• _Task data_
↓
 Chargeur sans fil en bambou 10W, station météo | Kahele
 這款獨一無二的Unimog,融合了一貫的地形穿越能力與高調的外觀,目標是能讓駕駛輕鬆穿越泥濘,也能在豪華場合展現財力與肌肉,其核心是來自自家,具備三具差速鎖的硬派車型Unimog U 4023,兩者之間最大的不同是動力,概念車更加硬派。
↑
↓
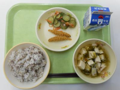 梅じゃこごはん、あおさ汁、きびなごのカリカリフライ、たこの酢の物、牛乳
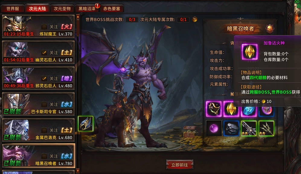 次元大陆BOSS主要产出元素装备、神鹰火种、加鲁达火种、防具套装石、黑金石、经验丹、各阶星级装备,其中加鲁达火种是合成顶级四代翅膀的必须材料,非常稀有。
↑
Within the listing above, write out the stretch from the line with "梅じゃこごはん、あおさ汁、きびなごのカリカリフライ、たこの酢の物、牛乳" through the line with "次元大陆BOSS主要产出元素" exactly. Any pictures are to be left out.

• _Result below_
 梅じゃこごはん、あおさ汁、きびなごのカリカリフライ、たこの酢の物、牛乳
 次元大陆BOSS主要产出元素装备、神鹰火种、加鲁达火种、防具套装石、黑金石、经验丹、各阶星级装备,其中加鲁达火种是合成顶级四代翅膀的必须材料,非常稀有。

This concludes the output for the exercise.